Marion O'Neill Rarick (née Daniels, born July 1, 1969) is an American politician serving in the Minnesota House of Representatives since 2013. A member of the Republican Party of Minnesota, O'Neill represents District 29B in central Minnesota, which includes the cities of Buffalo and Monticello and parts of Wright County.

==Education and career==
O'Neill attended Bemidji State University, graduating with a B.S. in applied psychology, and Regent University, graduating with a M.A. in counseling. She worked in the Minnesota Senate as a legislative assistant to Senator John Howe from 2010 to 2012.

==Minnesota House of Representatives==
O'Neill was elected to the Minnesota House of Representatives in 2012, following redistricting and the retirement of Bruce Anderson, who resigned to run for the Minnesota Senate, and has been reelected every two years since.

In 2017-18 O'Neill served as an assistant majority leader for the House Republican caucus.

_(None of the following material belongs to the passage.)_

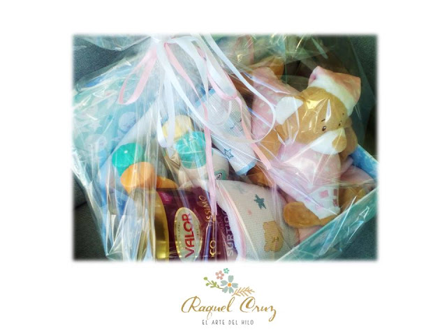Ya terminamos con la realización de esta canastilla con el montaje en una cajita con bonitos motivos y los cuales nos han servido de inspiración para hacer los detalles bordados de los baberos.

She serves as the minority lead on the Higher Education Finance and Policy Committee and sits on the Climate and Energy Finance and Policy, Rules and Legislative Administration, and Ways and Means Committees.

==Personal life==
O'Neill married her fellow Republican state legislator, Senator Jason Rarick, in 2023. O'Neill's brother Brian Daniels also serves in the Minnesota House of Representatives.

== Electoral history ==

2012 Minnesota State House - District 29B
| Party |  | Candidate | Votes | % |
|---|---|---|---|---|
|  | Republican | Marion O'Neill | 9,654 | 50.15 |
|  | Democratic (DFL) | Barrett A. Chrissis | 8,136 | 42.26 |
|  | Independence | Eugene Newcombe | 1,429 | 7.42 |
|  | Write-in |  | 31 | 0.16 |
| Total votes |  |  | 19,250 | 100.0 |
|  | Republican hold |  |  |  |

2014 Minnesota State House - District 29B
| Party |  | Candidate | Votes | % |
|---|---|---|---|---|
|  | Republican | Marion O'Neill (incumbent) | 10,196 | 96.77 |
|  | Write-in |  | 340 | 3.23 |
| Total votes |  |  | 10,536 | 100.0 |
|  | Republican hold |  |  |  |

2016 Minnesota State House - District 29B
| Party |  | Candidate | Votes | % |
|---|---|---|---|---|
|  | Republican | Marion O'Neill (incumbent) | 12,808 | 65.53 |
|  | Democratic (DFL) | Steve Kilburn | 6,714 | 34.35 |
|  | Write-in |  | 23 | 0.12 |
| Total votes |  |  | 19,545 | 100.0 |
|  | Republican hold |  |  |  |

2018 Minnesota State House - District 29B
| Party |  | Candidate | Votes | % |
|---|---|---|---|---|
|  | Republican | Marion O'Neill (incumbent) | 10,531 | 62.02 |
|  | Democratic (DFL) | Sharon McGinty | 6,434 | 37.89 |
|  | Write-in |  | 16 | 0.09 |
| Total votes |  |  | 16,981 | 100.0 |
|  | Republican hold |  |  |  |

2020 Minnesota State House - District 29B
| Party |  | Candidate | Votes | % |
|---|---|---|---|---|
|  | Republican | Marion O'Neill (incumbent) | 14,290 | 62.95 |
|  | Democratic (DFL) | Joe Rosh | 8,373 | 36.88 |
|  | Write-in |  | 38 | 0.17 |
| Total votes |  |  | 22,701 | 100.0 |
|  | Republican hold |  |  |  |

2022 Minnesota State House - District 29B
| Party |  | Candidate | Votes | % |
|---|---|---|---|---|
|  | Republican | Marion O'Neill (incumbent) | 13,665 | 95.82 |
|  | Write-in |  | 596 | 4.18 |
| Total votes |  |  | 14,261 | 100.0 |
|  | Republican hold |  |  |  |

==Personal life==
O'Neill has two children and six grandchildren. She resides in Maple Lake, Minnesota. Her brother, Brian Daniels, also serves in the Minnesota House of Representatives.